Canadian constitutional judicial review is also of interest as an early example of “weak form” judicial review. In deference to the doctrine of parliamentary sovereignty, article 33 of the Charter granted federal and provincial parliaments the power to override certain substantive Charter rights, and to enact non-conforming legislation “notwithstanding” those provisions. This so-called “notwithstanding clause” preserves the power of parliament to negate the effect of Supreme Court judgments invalidating federal or provincial legislation.

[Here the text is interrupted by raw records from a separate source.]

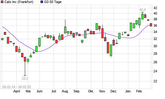 Mit dem Rücksetzer auf 36,00 EUR hat die Calix-Aktie am 25.02.2025 die 50-Tage-Linie nach unten gekreuzt.
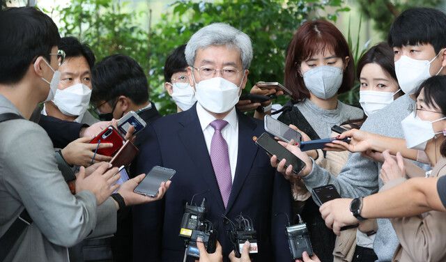 고승범 금융위원회 위원장이 14일 오전 서울 여의도 금융투자협회에서 열린 투자자 교육 플랫폼 ‘알투플러스' 오픈 기념회에 참석한 뒤 취재진 질문에 답하고 있다. 연합뉴스 |
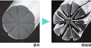 これは以下の画像のように花びらが開いたような構造を持つ繊維で、皮脂汚れも洗剤を使わずに拭き取ることが可能です。
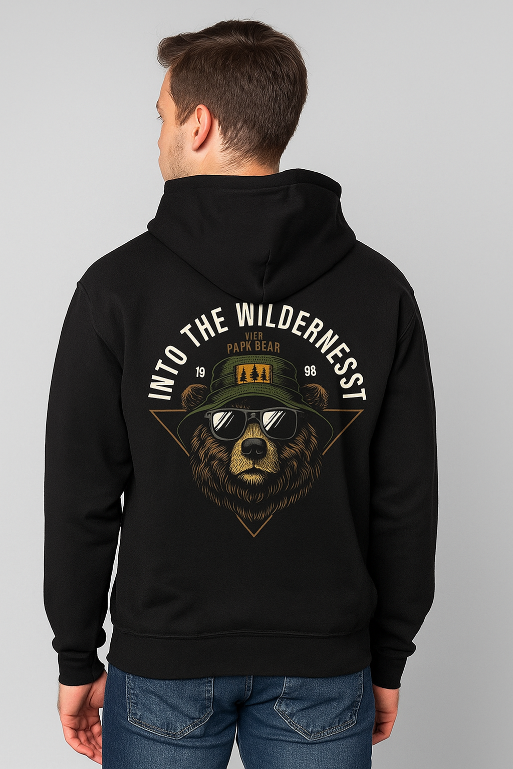 Step into the wild with our black hoodie featuring the bold “Into The Wildernesst” bear design on the back. Crafted from premium fabric, this hoodie combines streetwear style with outdoor adventure vibes. Perfect for casual wear, travel, or making a bold fashion statement, it keeps you warm while showcasing your unique personality.
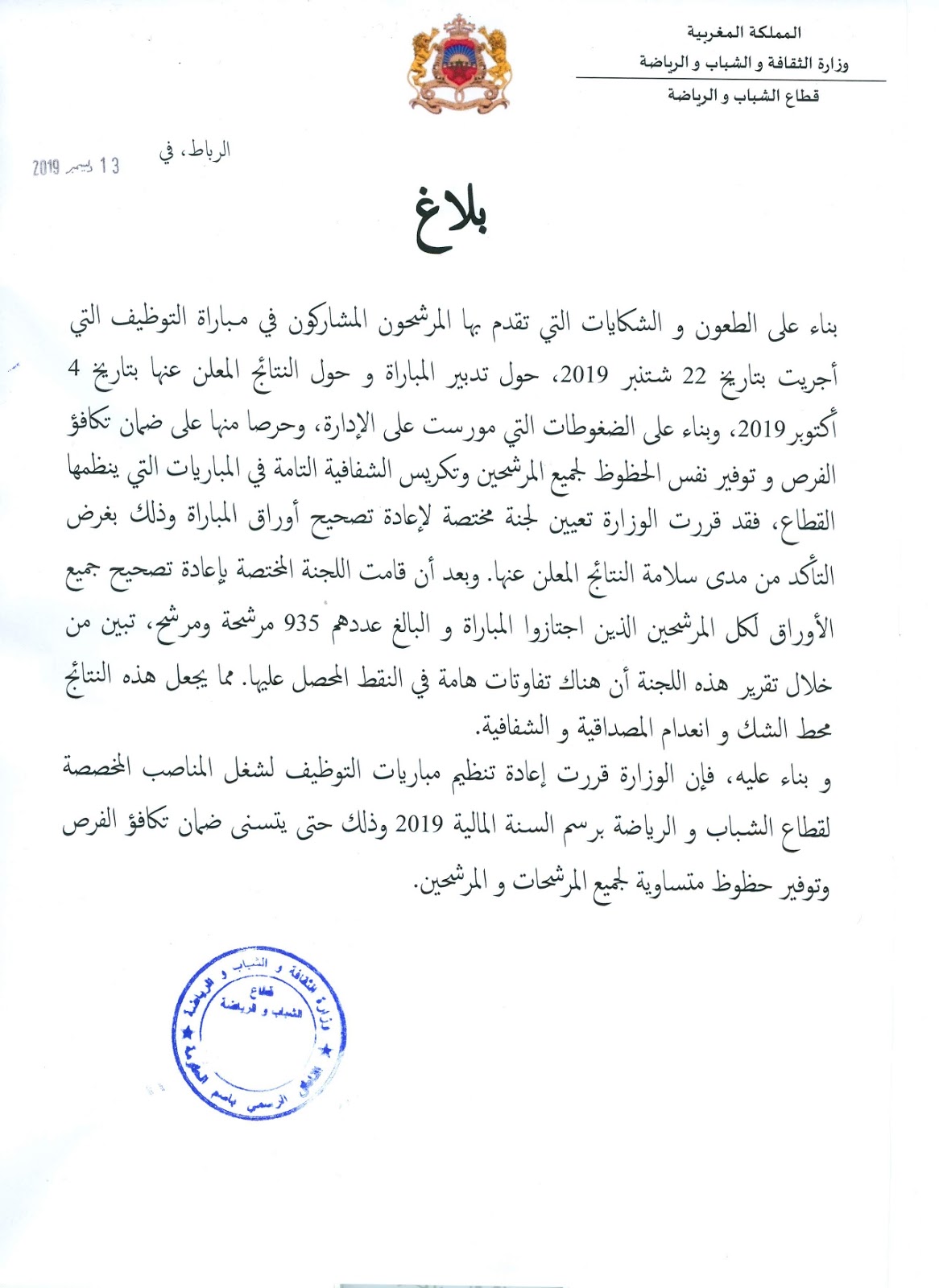 Alwadifa Maroc / Autres offres d'emploi / Emploi news / Emploi public / Ministère de la Jeunesse / Offre d'emploi maroc / Par ministere وزارة الشباب والرياضة بلاغ حول إعادة مباراة التوظيف برسم سنة 2019 ShareSharePin It وزارة الشباب والرياضة بلاغ حول إعادة مباراة التوظيف برسم سنة 2019
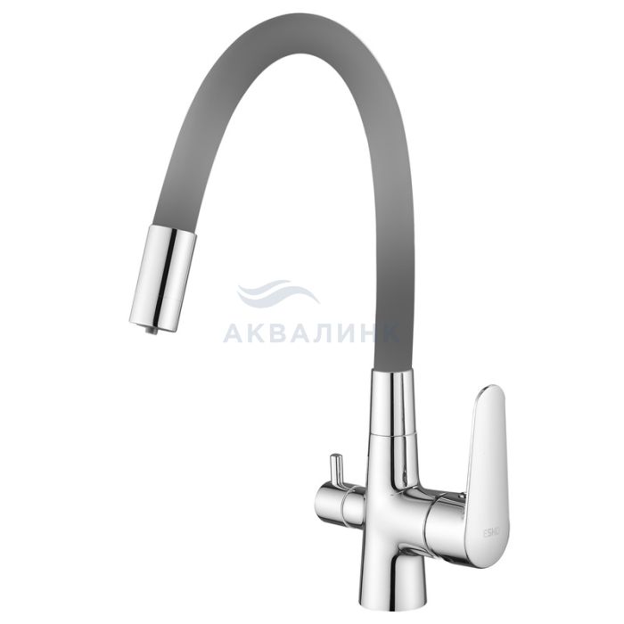 Смеситель для кухни ESKO Coral (Кораллы) с питьевым каналом, гибкий излив серый, хром CL03GChr
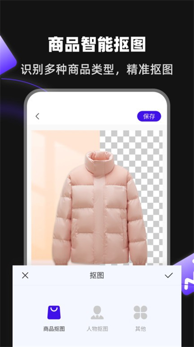 1、一键抠图:只需点击一下,就能自动抠出图像中的主要物品或人物,省去繁琐步骤;

The relationship between parliaments and the Supreme Court under article 33 has spawned an avalanche of scholarship, much of which has helped shape critical reception of human rights acts, which have become popular throughout the Commonwealth during the past 20 years. Examples include the New Zealand Bill of Rights Act (1990) and the British Human Rights Act (1998). Each of these statutes transposes international human rights norms into municipal law, and grants to courts the power to issue non-binding declarations of incompatibility when national legislation is challenged as non-compliant with those norms. In particular, a theory of democratic dialog between courts and legislatures, first developed in the Canadian context, has evolved even further to describe the relationship in Commonwealth jurisdictions with human rights acts.

For those interested in more information, a good encyclopedic article on the Canadian Constitution, as well as the current, consolidated text are available in Constitutions of the Countries of the World. The standard treatise on Canadian Constitutional Law is Constitutional Law of Canada, 5th ed. (2007 -) by Peter Hogg . The seminal article on democratic dialogue, by Hogg and A.A. Bushell, “The Charter Dialogue Between Courts and Legislatures (or Perhaps the Charter of Rights Isn’t Such A Bad Thing After All”, 35 Osgoode Hall L. J. 75 (1997), is available in HeinOnlineThe New British Constitution (2009), by Vernon Bogdanor, is a recent authoritative text on the classic Diceyan model of British constitutional law, including a discussion of the modern doctrine of parliamentary sovereignty.